Thankfully, the rain and crab pots let up as we turned eastward toward “The Rigolets” (rhymes with cheese, if you can believe it), which connects Pontchartrain with Lake Borgne and the Mississippi Sound beyond. Before exiting The Rigolets, we circled for thirty minutes waiting for a railroad bridge opening. The swing bridge operator needed winds to calm and an oncoming train to pass before opening. He finally radioed, stating he’d open it partially and that we could squeeze through ahead of the train. We revved up the engine and pushed through the narrow gap as currents pushed us about, breathing big sighs of relief as we emerged in Lake Borgne.
The remainder of our cruise to Bay St. Louis was less eventful. Though much of the next couple hours were in 2-4′ seas, we were taking most on the bow, which Cirila handles well. Along the way, we passed the mouth of the Pearl River, marking the Louisiana – Mississippi border, and the spot where Hurricane Katrina made landfall in 2005. The coast there and in the nearby town of Waveland were hit with a 28′ storm surge!

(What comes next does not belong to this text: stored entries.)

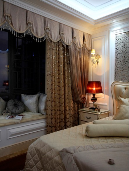凸窗臺(tái)也可有很好的利用價(jià)值;暗紅的臺(tái)燈增加了臥室的情調(diào);
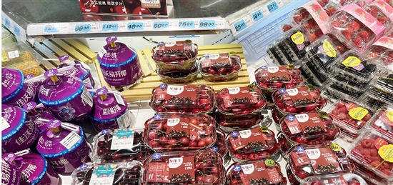 在瑞安某超市的保鲜柜里,记者也发现了车厘子的身影,数量不多,但格外醒目。按照大小和品质区分,4J果实250克的售价99元,3J果实250克的售价69.9元,2J果实250克的售价49.9元。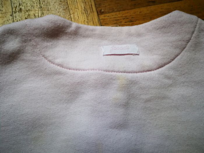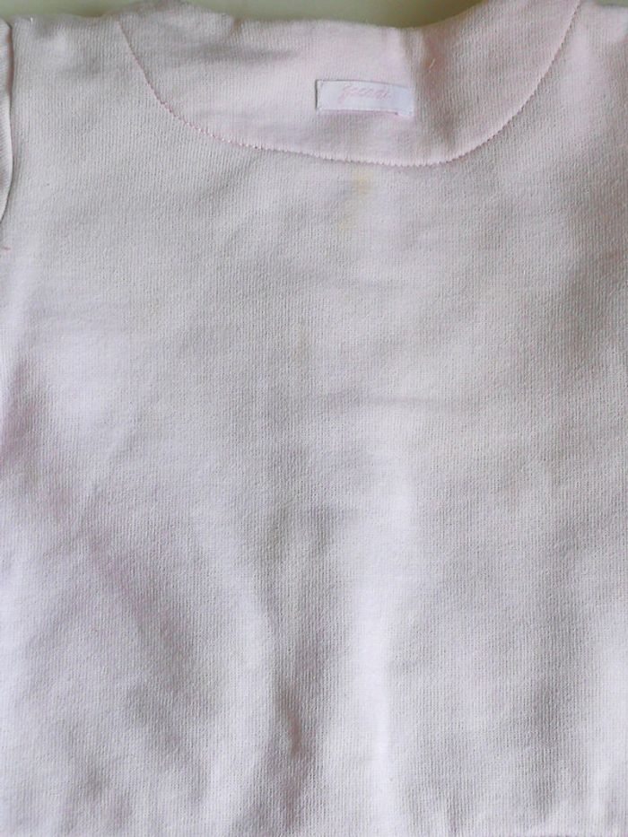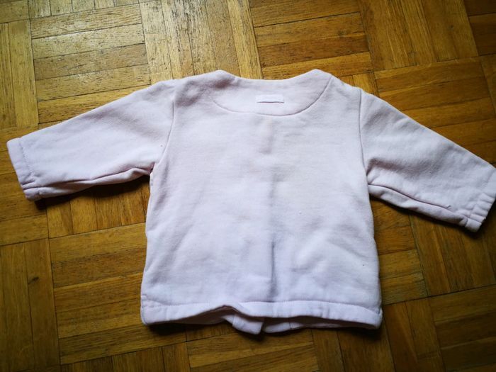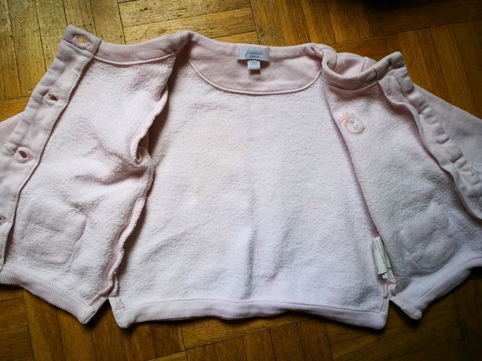Veste / gilet rose clair. Des taches jaunes au dos, cf photos #3moismowglie12 #3moisfillemowglie12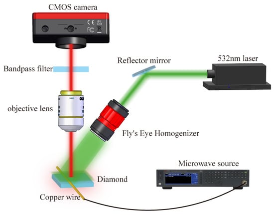 Upon excitation by the 532 nm laser, the NV center emits red fluorescence, collected through the objective lens and filtered before being received by the CMOS camera (LP126 MU). In the microwave system, a fixed microwave antenna beneath the diamond generates the microwave field, with its frequency and power controlled to form various microwave fields [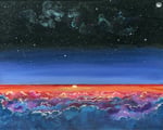 "Above The Clouds", this fine art reproduction print represents a fanciful landscape high up in the atmosphere. A beautiful sunset lights up colorful clouds and if you look closely way up in the night sky you can see two dragons. This fine art print makes a great addition to any room. It's the perfect gift for a friend or family member! The original painting uses both fluid art pour paint technique and traditional hand painting to bring it to life.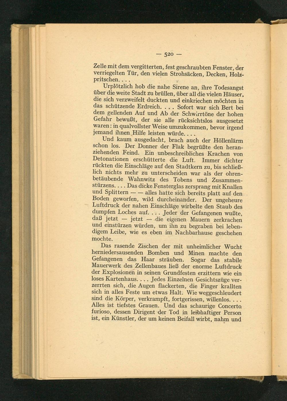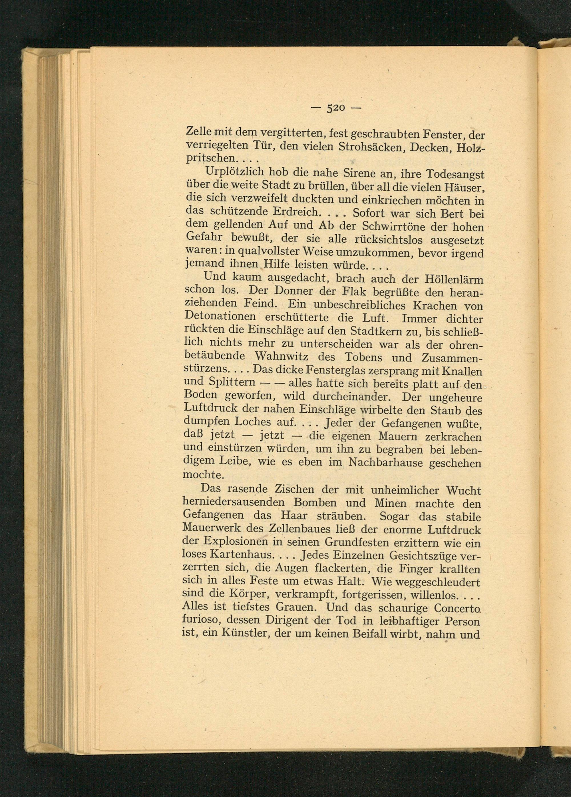 Und kaum ausgedacht, brach auch der Höllenlärm schon los. Der Donner der Flak begrüßte den heranziehenden Feind. Ein unbeschreibliches Krachen von Detonationen erschütterte die Luft. Immer dichter rückten die Einschläge auf den Stadtkern zu, bis schließlich nichts mehr zu unterscheiden war als der ohrenbetäubende Wahnwitz des Tobens und Zusammenstürzens.... Das dicke Fensterglas zersprang mit Knallen und Splittern alles hatte sich bereits platt auf den Boden geworfen, wild durcheinander. Der ungeheure Luftdruck der nahen Einschläge wirbelte den Staub des dumpfen Loches auf.... Jeder der Gefangenen wußte, daẞ jetzt die eigenen Mauern zerkrachen und einstürzen würden, um ihn zu begraben bei lebendigem Leibe, wie es eben im Nachbarhause geschehen mochte.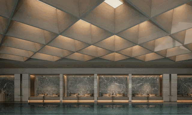 而时代之城不仅配置了会所,更是配置了约2000㎡的超大体量会所, 泳池、健身房、儿童乐园、下沉式庭院一应俱全,在这里可运动,亦可待客、闲话家常,既实用又超有排面。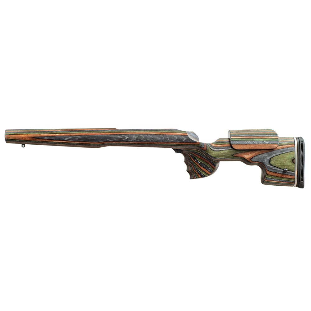 The GRS Sporter Mauser M18 Green Mountain Camo Stock is a fully adjustable laminate rifle stock built for ergonomic precision and adaptability. With a Green Mountain camouflage finish, this version retains the proven GRS Sporter platform’s push‑button SpeedLock system for quick, tool‑free adjustment of length of pull and cheek height to suit individual shooters and positions. Constructed from birch laminate, it offers strength and stability while weighing in at approximately 3.04lbs. With a total length of about 29.9" and a fore-end width of 53 mm, it presents a balanced, capable stock form ideal for Mauser M18 rifles. The package typically includes the stock, two QD sling swivels, a user manual, and decals.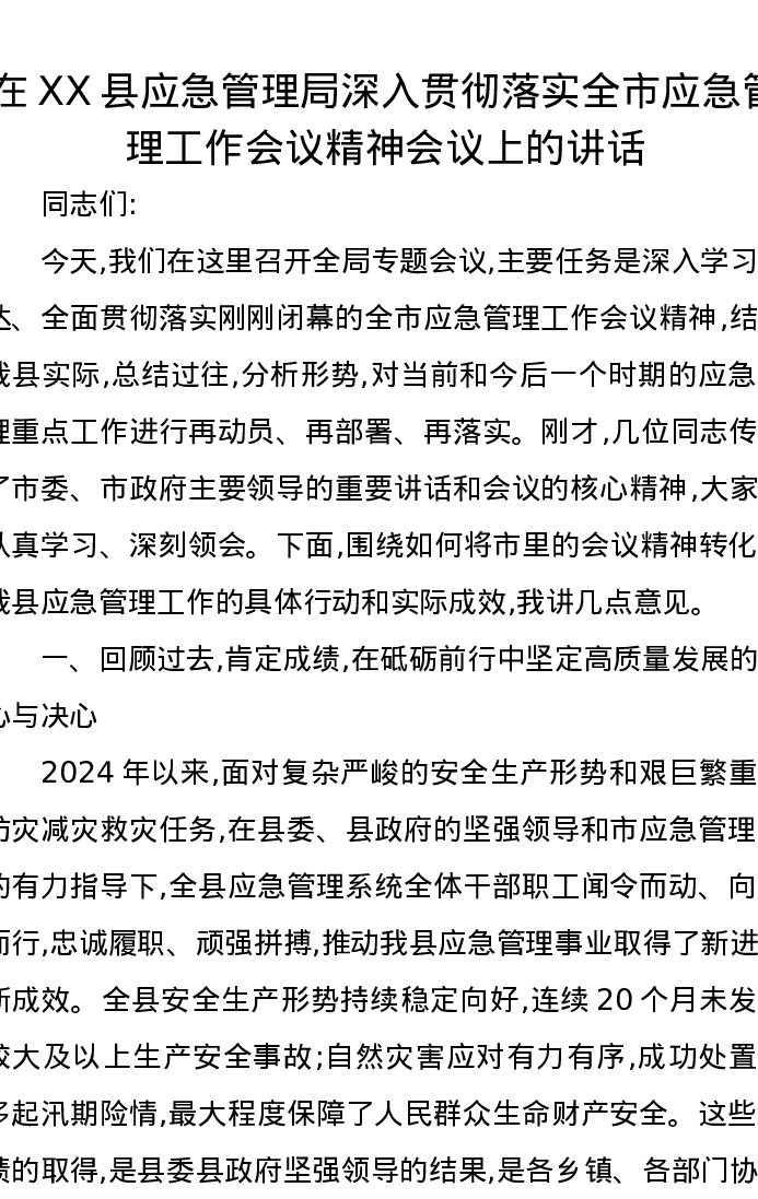 在XX县应急管理局深入贯彻落实全市应急管理工作会议精神会议上的讲话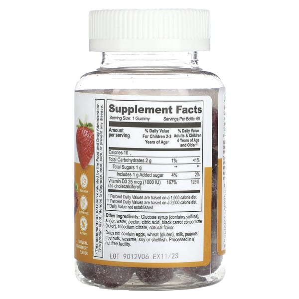 Thông tin sản phẩm Lifeable, Kids Vitamin D3 Gummies, Natural Strawberry, 25 mcg (1.000 IU), 60 viên nhai
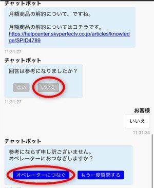 適当に「解約」と入力していくつかの質問を回答していき、最後の「回答は参考になりましたか?」に『いいえ』と回答します。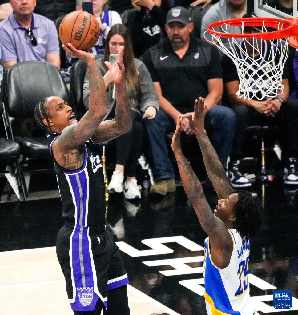 3月10日,国王队球员德罗赞(右)在比赛中封盖。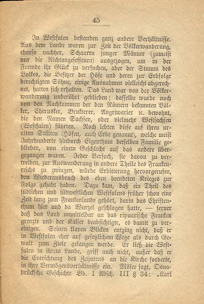 In Westfalen bestanden ganz andere Verhältnisse. Aus dem Lande waren zur Zeit der Völkerwanderung, ebenso nachher, Schaaren junger Männer (zumeist nur die Nichtangesessenen) ausgezogen, um in der Fremde ihr Glück zu versuchen, aber der Stamm des Volkes, die Besitzer der Höfe und deren zur Erbfolge berechtigten Söhne, einige Ausnahmen vielleicht abgerechnet, hatten sich erhalten. Das Land war von der Völkerwanderung unberührt geblieben; dasselbe wurde noch von den Nachkommen der den Römern bekannten Völker, Cherusker[GWR 1], Brukterer[GWR 2], Angriwarier[GWR 3] etc. bewohnt, die den Namen Sachsen, oder vielmehr Westsachsen (Westfalen) führten. Noch lebten diese auf ihren uralten Stätten (Höfen, auch Erbe genannt), welche meist Jahrhunderte hindurch Eigenthum derselben Familie geblieben, von einem Geschlecht auf das andere übergegangen waren. Jeder Versuch, sie davon zu vertreiben, zur Auswanderung in andere Theile des Frankenreichs zu zwingen, würde Erbitterung hervorgerufen, den Wiederausbruch des eben beendeten Krieges zur Folge gehabt haben. Dazu kam, daß ein Theil des südlichen und südwestlichen Westfalens früher schon eine Zeit lang zum Frankenlande gehört, darin das Christenthum hier und da Wurzel geschlagen hatte, – ferner daß das Land unmittelbar an das ripuarische Franken[GWR 4] grenzte und der Kaiser beabsichtigte, es damit zu vereinigen. Seinen klaren Blicken entging nicht, daß er in Westfalen eher auf gesetzlichem Wege als durch Gewalt zum Ziele gelangen werde. Er ließ die Westfalen in ihrem Lande, griff auch nicht, außer daß er die Entrichtung des Zehntens an die Kirche forderte, in ihre Vermögensverhältnisse ein. Möser sagt, Osnabrücksche Geschichte Bd. I Absch. III § 34: „Karl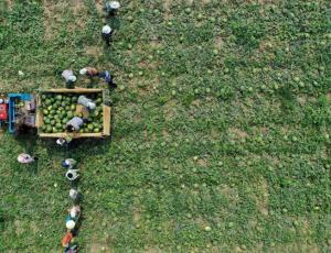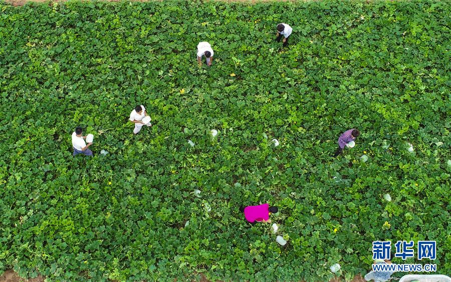 7月7日,在河北省故城縣建國鎮(zhèn)姜圈村蔬菜基地,種植戶在采摘冬瓜(無人機(jī)拍攝)。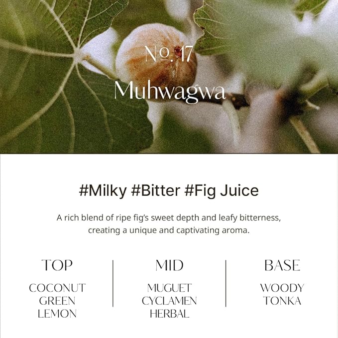- MUHWAGWA SCENT: Unveil the engaging blend of fig with the Muhwagwa diffuser. This fragrance combines the rich sweetness of ripe fig pulp with the subtle bitterness of fig leaves, creating a lush and captivating scent.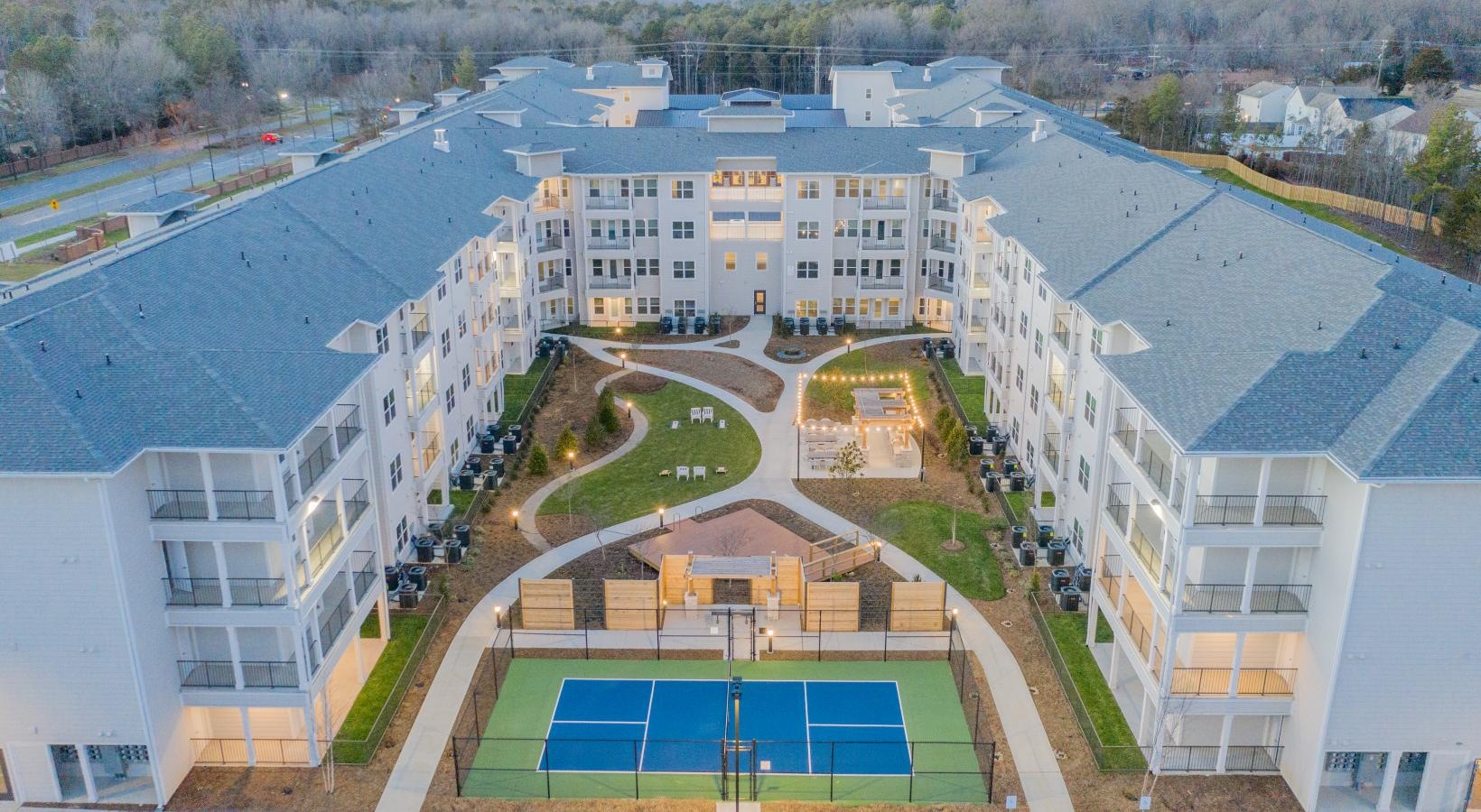 • a high angle view of building and courtyard with pickleball court

The town of Bay St. Louis (BSL) sits just north on a piece of high ground at the west side of the the Bay, and Pass Christian on lower ground on the east side. Katrina decimated both towns. As we approached the bay, we watched charts closely to avoid spoils where broken bridges and concrete were dumped in the aftermath of Katrina. We transited one final swing bridge before easing along the transient bulkhead at the BSL Municipal Marina. The new marina and waterfront park were completed 3 years ago – by far the nicest stop of our journey thus far. Yacht owners from New Orleans and beyond keep vessels here, not only because cruising grounds in Mississippi Sound are so accessible, but because the town is delightful. There are no traffic lights, a thriving and eclectic artisan community, and good restaurants which locals frequent via golf cart.
The Blind Tiger (TBT’s) is a restaurant / bar closest to the marina, and was a welcome spot to unwind after our long journey and enjoy dinner off the boat. The smoked tuna spread appetizer was delicious, the Royal Red jumbo shrimp even better. Beers around one of TBT’s campfire pits topped off a great evening.
While tied alongside the entertainment dock, numerous residents stopped by Cirila, curious about our travels. A gentleman named Patrick stopped a couple times during our brief stay. Originally from Livonia, MI and now living in Dallas, he shared an interesting perspective. Searching for a second home getaway reachable from Dallas, his family looked hard at Port Aransas, TX, near Corpus Christi. Not happy with the amenities there, they discovered Bay St. Louis, MS was equidistant, visited and fell in love. They now own a second home in BSL, as well as a rental property they host on AirBnB. After spending a couple days there, we understand why.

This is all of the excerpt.